23:28defnbut i feel like chunking + reftypes seems like it's overkill, like i might be missing something more obvious, something easier
23:28RaynesIs there a core function that does nothing but discard it's input?
23:28sramsaystuck newbie asks . . .
23:29dsopdefn: sorry I don't know
23:29sramsaysuppose i have (1 2) and (5 3 4 2 3)
23:29sramsaywant to return only the latter that are in the former.
23:30sramsayfilter with for? can't get it to work.
23:31Raynes,(filter #{1 2} '(5 3 4 2 3))
23:31clojurebot(2)
23:31RaynesA set is good for this.
23:31Raynes,(filter #{1 2} '(1 5 3 4 2 3))
23:31clojurebot(1 2)
23:31sramsayHow does that work? sets can act as functions?
23:32RaynesYep. It tests to see if it's argument is in the set, and returns nil if it isn't.

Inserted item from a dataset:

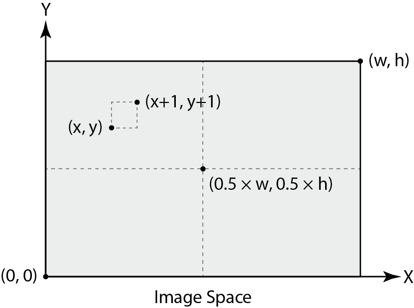 Given normalized \((x, y)\) image coordinates in image space, we want to transform them first into camera space and then into world space in order to generate rays. As described in the equations and image below, \((x, y)\) in image space is mapped to \((x', y')\) in camera space. $$x' = (x - 0.5) \cdot 2 \cdot \tan \Big(\frac{\text{hFov}}{2} \Big)$$ $$y' = (y - 0.5) \cdot 2 \cdot \tan \Big(\frac{\text{vFov}}{2} \Big)$$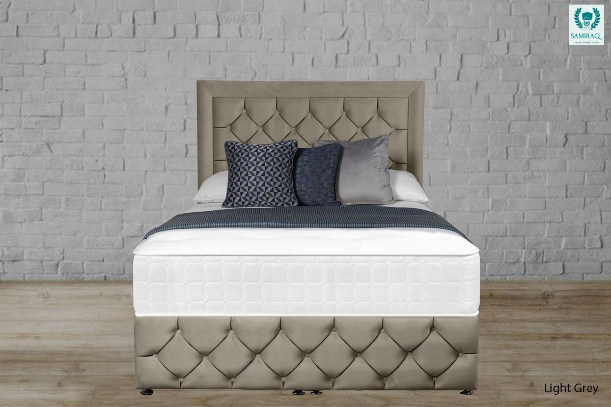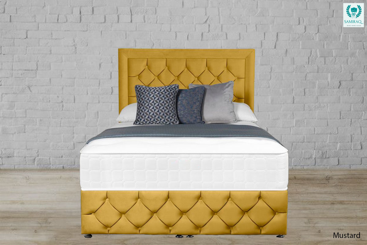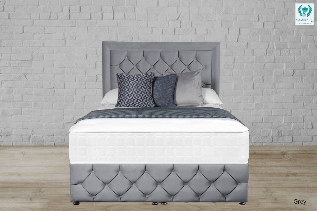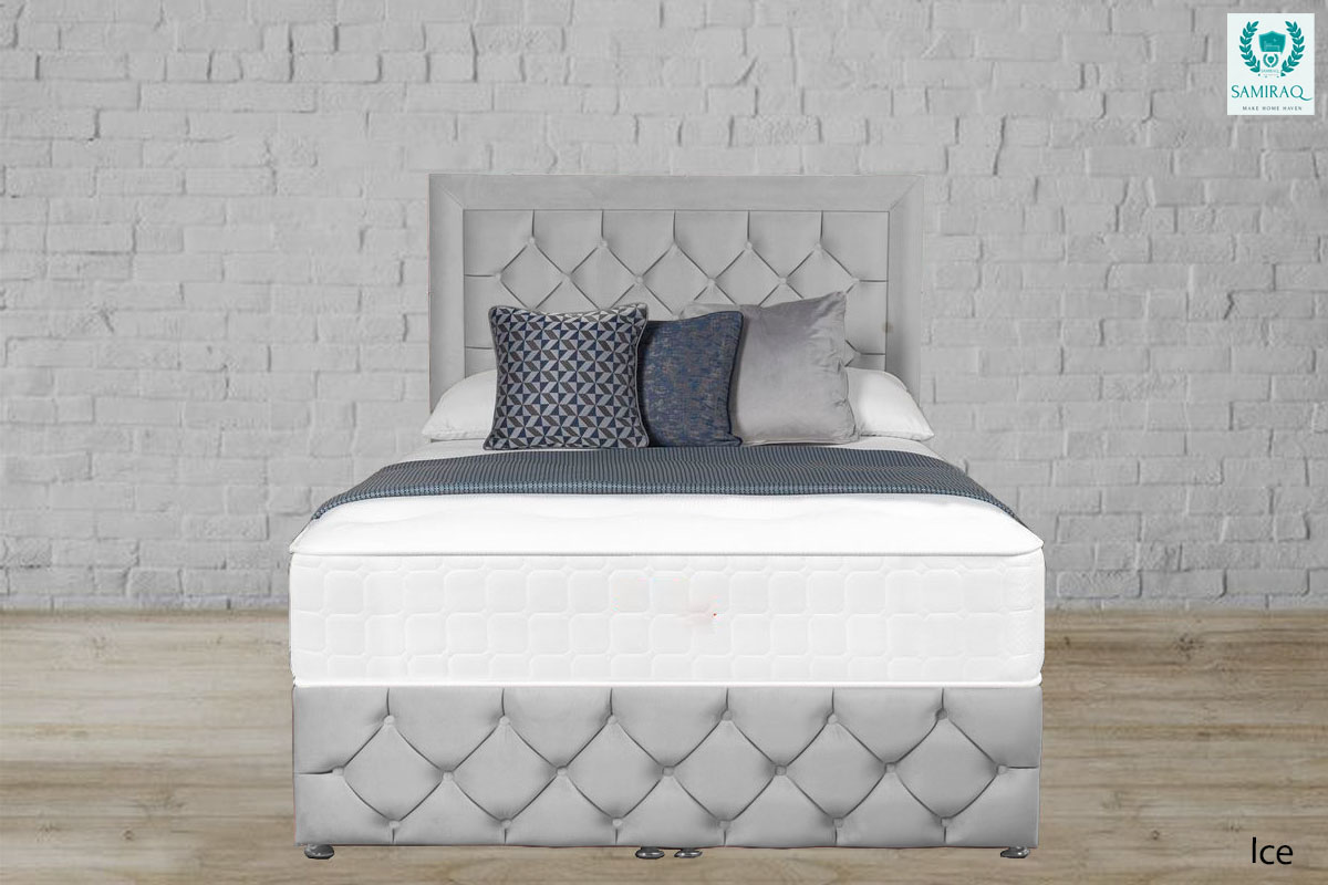 Enjoy your night’s sleep with this Bed. Crafted with plush velvet and a custom design to meet your needs. With a chrome feet-solid board base, the bed proves its indestructibility.

23:32RaynesOtherwise, it returns the argument, I believe.
23:32sramsayWow. That is so much more beautiful than what I was doing ;)
23:33Raynes,(#{1 2} 1)
23:33clojurebot1
23:33RaynesAnything not false or nil is true, so it works out perfectly. :)
23:33sramsaythanks. that is awesome, Raynes.
23:33RaynesNo problem.
23:37tomojtalios: hey, my boss liked hearing about your vagrant/clojure idea
23:39joshua-choiI have a non-Clojure IRC question, since I'm very benighted about IRC. :( Is it possible to connect to two Freenode rooms with different names?
23:40Raynesjoshua-choi: Maybe with two IRC clients.
23:40joshua-choiRaynes: :(
23:40RaynesI don't think so.
23:40RaynesIs one allowed to be online twice with the same hostmask?
23:41RaynesI guess so, because I end up having to ghost myself all the time.
23:41joshua-choiWhat are hostmasks and ghosting?
23:41RaynesYeah, of course. My bot. Heh.
23:41Raynesjoshua-choi: /msg nickserv ghost <nick> <password>
23:41RaynesIn case you drop, but your nickname does not.
23:42Raynes(@216-164-114-53.c3-0.tlg-ubr3.atw-tlg.pa.cable.rcn.com) = hostmask
23:42RaynesI believe.
23:44joshua-choiI guess if it's not possible, I might as well change my Freenode username. Ah, well.
23:55alexykis there a single write-up summarizing the new goodness in 1.2?